Given data: Begin

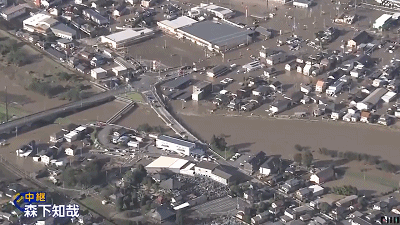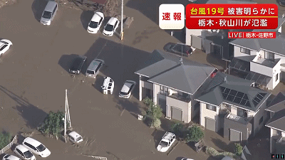 長野縣內千曲川決堤,被淹情況嚴重,看房屋被淹的狀態,至少已經沒過整個一樓的狀態。
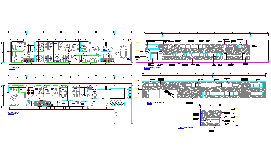 Office building plan and elevation dwg file in office building plan with wall view and area distribution,entry way,different department office area,washing area and view of
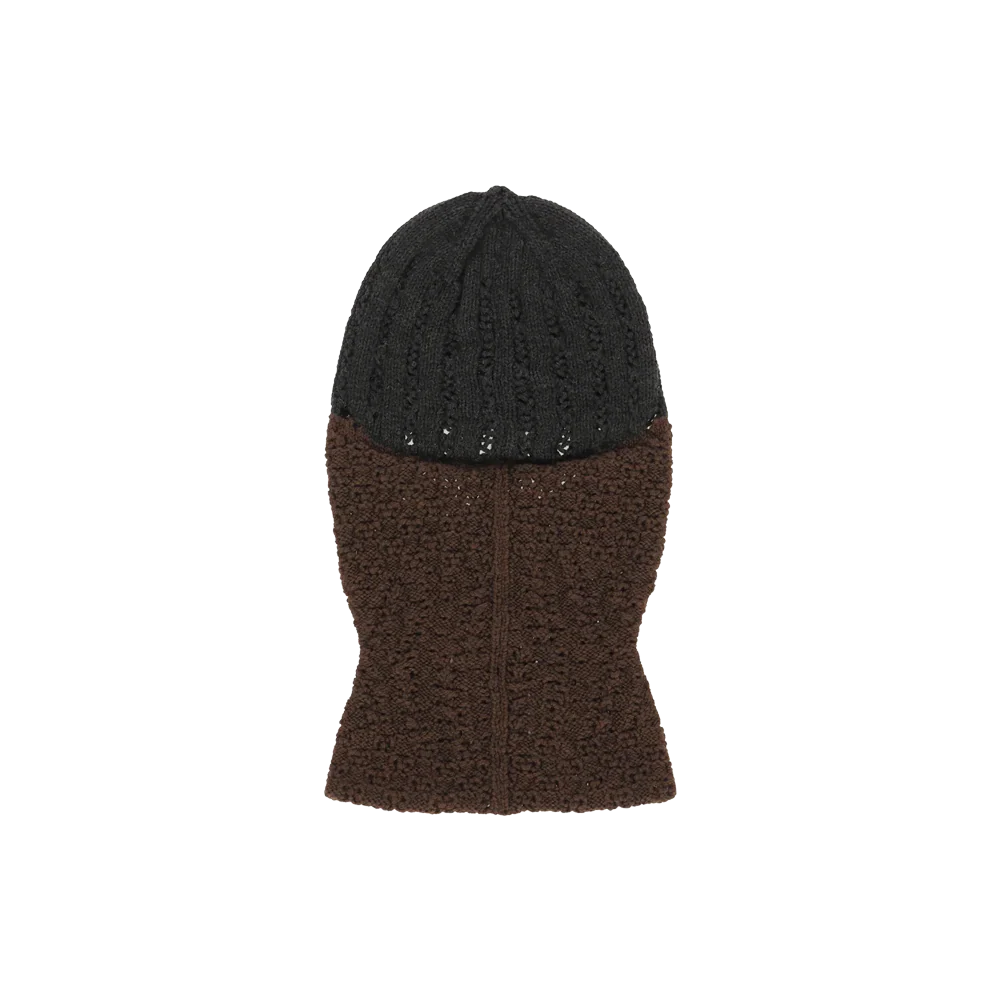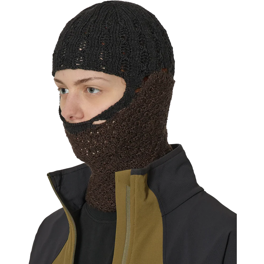 Passamontagna in lana a maglia, colore nero e marrone. L’esclusiva tecnica di lavorazione a maglia, con un design a punto floreale, offre una vestibilità comoda e aderente e previene gli sfregamenti. Le naturali proprietà traspiranti delle fibre di lana contribuiscono a creare un calore asciutto e confortevole e una sensazione di freschezza anche in condizioni di umidità.

Given data: End

Beginning with the line that contains "Office building plan and" and ending with the final line of the listing, return each line exactly. Omit all pictures.

 Office building plan and elevation dwg file in office building plan with wall view and area distribution,entry way,different department office area,washing area and view of
 Passamontagna in lana a maglia, colore nero e marrone. L’esclusiva tecnica di lavorazione a maglia, con un design a punto floreale, offre una vestibilità comoda e aderente e previene gli sfregamenti. Le naturali proprietà traspiranti delle fibre di lana contribuiscono a creare un calore asciutto e confortevole e una sensazione di freschezza anche in condizioni di umidità.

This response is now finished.